2019年10月31日 星期四

Help! My Friends Did Cocaine at Our Kids’ School Fundraiser.


Photo illustration by Slate. Photos by iStock/Getty Images Plus and tlnors/iStock/Getty Images Plus.

Dear Prudence,
I love my kids’ school. It’s quirky, a bit scruffy, diverse, and the teachers are great. Our kids are very happy there, and we have become friends with some of the other parents. Once a year there is a big fundraiser just for the parents. There is a bar and dancing, and it’s a fun night out. I was having a lovely time until the mother of one of my daughter’s best friends told me that she’d just had some cocaine with the mother of another of my daughter’s friends. Cocaine! We are all in our late 30s and 40s. These are the families who invite our kid for sleepovers and sit on the parents committee. I did not expect to be dealing with hard drugs at this chapter in my life. What do I do with this information? I like my friends. I like their kids. I’d say I’m worried, but honestly my biggest reaction is that I’m horrified. I think cocaine has no place in the life of parents and especially not at an elementary school event. I want to express my disapproval and check if this happens in their home lives (i.e., while they have care of their own kids or are looking after mine) while not coming across as a jerk or a judgmental prude.
Suggestions?
—Cocaine at School Fundraiser

One of the most irritating (though not the most serious) problems with cocaine is that one is forced to adopt either a gratuitously smug attitude (“Relax, it’s just cocaine”) or a scandalized, possibly naïve one (“I can’t relax—it’s cocaine”). You are perfectly within your rights to revisit the conversation with your friend and tell her you were too taken aback in the moment to say anything, but you were surprised by her announcement that she’d been doing cocaine during the fundraiser and that it made you question her judgment. You can certainly ask if this happens at home, although I very much doubt she’s loose-lipped enough to say, “Yeah, sometimes we do a little coke when we’re babysitting your kids, but if it bothers you, I’ll wait until someone picks them up.” If she’s otherwise been reliable and attentive when she’s with her kids and yours, I don’t think you need to start worrying that it’s all been a mirage. It’s possible that she displayed momentary bad judgment about drug use without necessarily being in the throes of addiction and a danger to herself and others. But you can decide that, at least for a little while, you’d rather the kids play together at your house where you can keep an eye on them yourself.

Dear Prudence,
I am an owner of a small coffee drive-up. I am a hands-on owner and work hard. I have a small staff that works with me. If I am working side by side with my employees doing 60-plus percent of the work and a customer puts a tip in the tip cup, should it be solely the employees’ tip, or can I, as a proprietor, morally take a share of the tip?
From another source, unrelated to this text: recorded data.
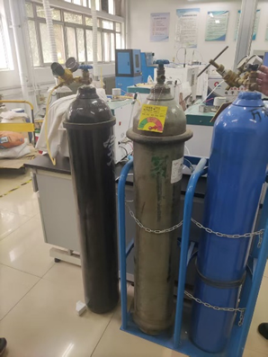 1. 材料科学与工程学院 ES113红外光谱室实验室(内间):两个气瓶未防护,存在倾倒伤人的安全隐患。
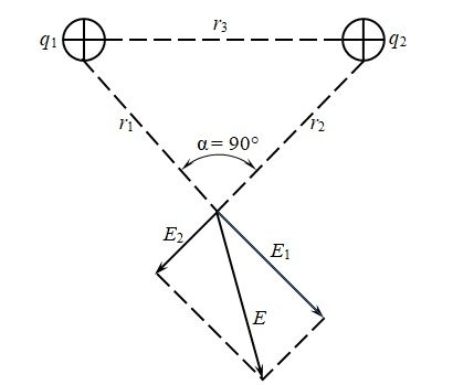 Напряженность поля в точке, удаленной на расстояния r1 = 0,04 м и r2 = 14 м от одного и другого зарядов, равна E = 54 кВ/м.
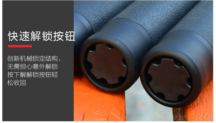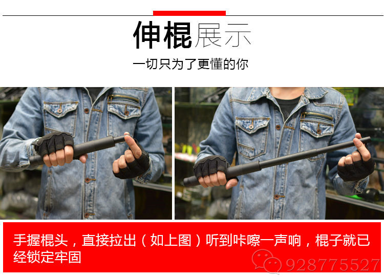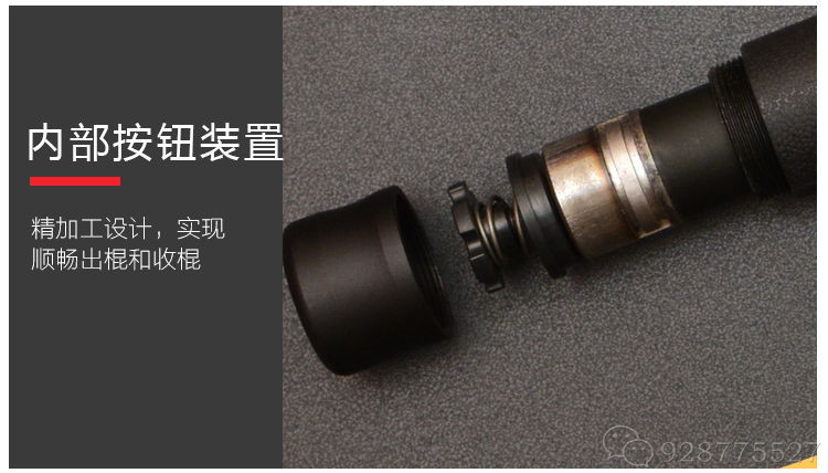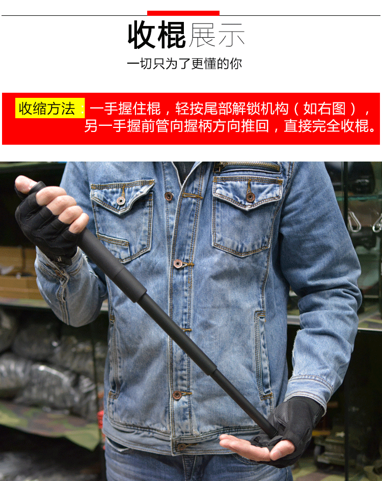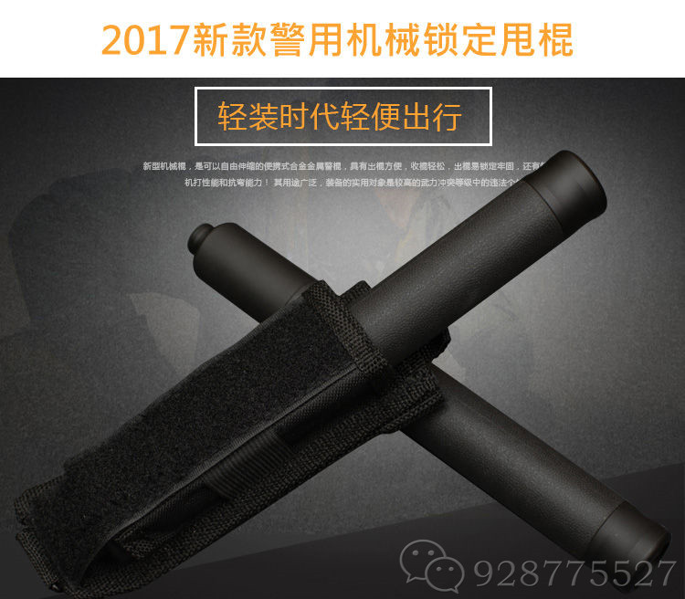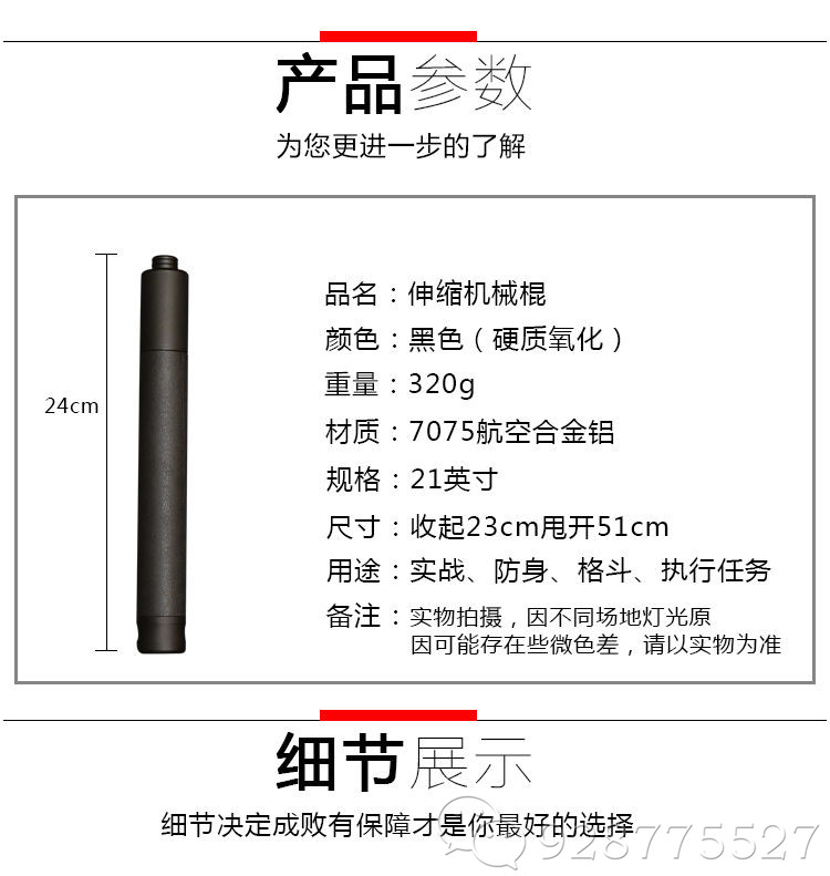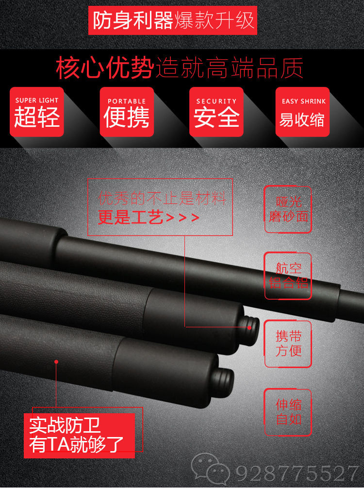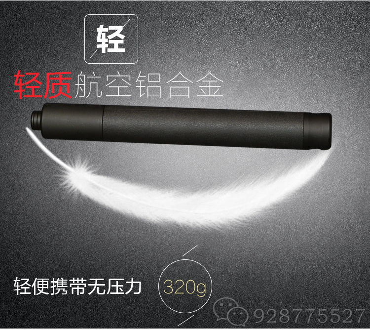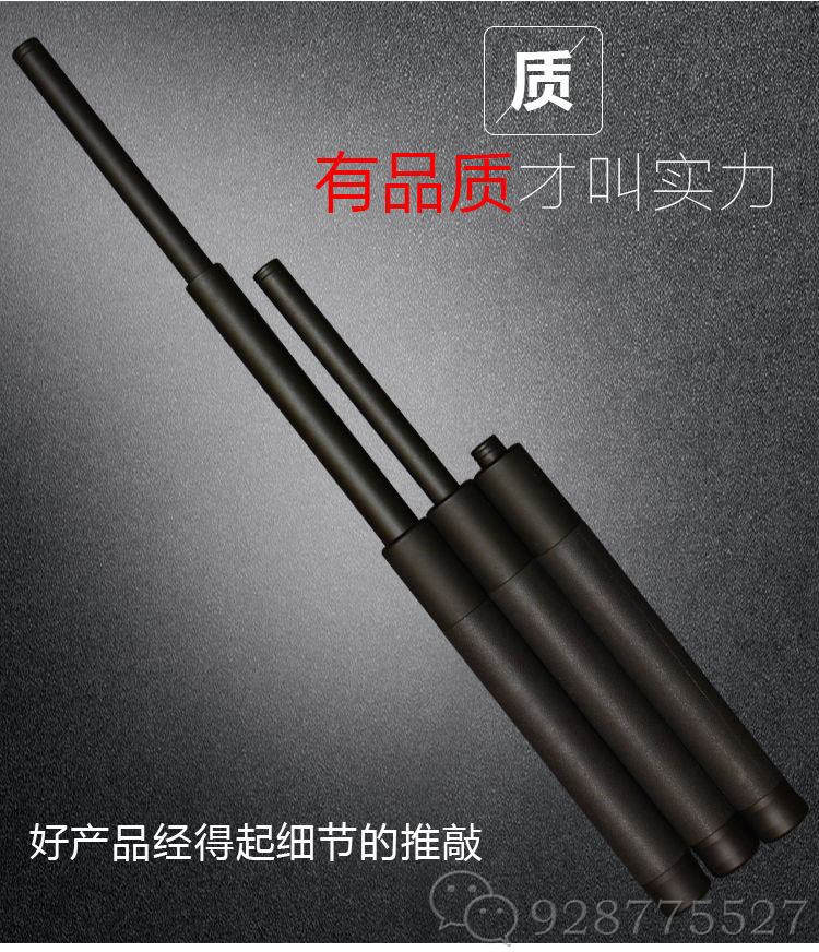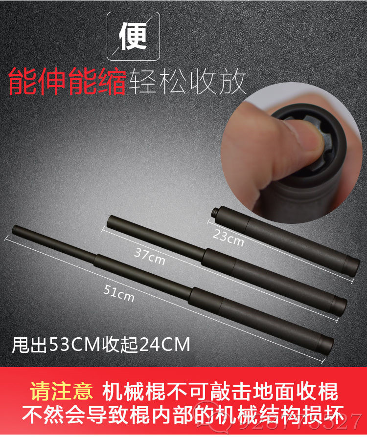 品名:2017款野人谷伸缩机械棍颜色:黑色(硬质氧化)重量:320g材质:7075航空合金铝规格:21寸尺寸:收起23公分 甩开51公分用途:实战、防身、格斗、执行任务备注:实物拍摄,因不同场地灯光原因可能存在些微色差,请以实物为准

I wait on the customers at the same time with my employees. I feel entitled to an equal share. It’s not like I’m rich and greedy, but …
—Tips

Do you pay your employees less than minimum wage with the understanding that they’ll make up the difference in tips? Do you yourself make more than minimum wage? How familiar are you with the Fair Labor Standards Act and the 2018 amendment that states, “An employer may not keep tips received by its employees for any purposes, including allowing managers or supervisors to keep any portion of employees’ tips, regardless of whether or not the employer takes a tip credit”? Do you believe your ability to sell the company, fire any of your employees, cut their hours, or otherwise hold their professional futures in your hands puts you on a different footing? How do you think adding yourself to the tip pool would affect employee morale? There’s a lot of potential here for things to go wrong professionally and legally, and I really don’t think the extra couple of bucks an hour you stand to gain would outweigh the downsides. Content yourself with being the owner, and let your hourly employees keep the tips.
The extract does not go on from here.